By Roberta DeAndradePublished 3 years ago 4 min read
“Children Are Our Future, So 
  What Are We Doing About It?”
Photo by Lora Moore-Kakaletris on Unsplash

The world is big. There are challenges and heartaches. There is grief and fear and pain. As adults, we are already programmed, for lack of a better word, with beliefs and labels. We have lived through so much already. Some challenges brought joy, and some brought sorrow, but they have one thing in common, growth. We have evolved. We are expansive. What a concept. This life we are living is essentially one big school, so how exactly are we helping our future children?

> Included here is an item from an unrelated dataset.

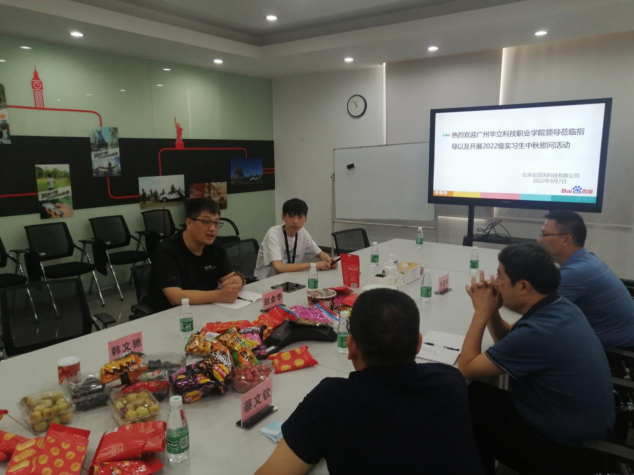 9月7日,中秋佳節(jié)之際,廣州華立科技職業(yè)學(xué)院校長(zhǎng)易健民、校外教學(xué)與就業(yè)管理處副科長(zhǎng)韋建林、計(jì)算機(jī)信息工程學(xué)院辦公室主任蔡文欽、校外教學(xué)副主任黃志強(qiáng)老師一行到北京云百訊科技有限公司佛山分公司看望2020級(jí)實(shí)習(xí)學(xué)生,開展中秋節(jié)慰問(wèn)活動(dòng)。

I personally have always loved puzzles. I like figuring things out, learning how and why something works the way it does allows me to figure out how I want to make it different or better or if I can show someone else how it works. When I was a child, everything ended with ‘but why’? Adults always say children are curious, fearless, adventurous, and carefree. Until an adult comes along and says no, stop running and playing with dragons in the store! These are amazing qualities; a type of playfulness adults should try to remember more often. The type of characteristics that allow creativity to flow.

As an adult in a child’s life, any child, teaching is everyone’s responsibility. Parents, caregivers, aunts, uncles, grandparents, neighbors, teachers, pastors, and many more, all play a specific part in a child’s life. We have learned a great deal more about child psychology and early childhood education than we knew 40 years ago when I was a child. We now know that children from birth to around 7, see the world through felt perception. They go by what they feel. They are unable to fully rationalize situations. This is where psychologists feel a lot of adult traumas come from. Traumas are not always physical from abuse, there can be emotional trauma too. We now participate in therapy to go deep into our behaviors, beliefs, and actions to try to figure out how we interpreted something when we were young and then attempt to figure out the core beliefs we attached to those traumas.

Around the age of 7 or 8, children reach a phase known as ‘Age of Reason’. Per Megan Zander, who wrote, A Milestone Developmental Stage: The Age of Reason, this refers to the moral, emotional and cognitive stage where they are now able to rationalize thought patterns, (although some recent studies now believe this stage may come earlier). At this point, they are then able to control impulses. She states this is when they can see people have their own feelings. There is significant neurological growth.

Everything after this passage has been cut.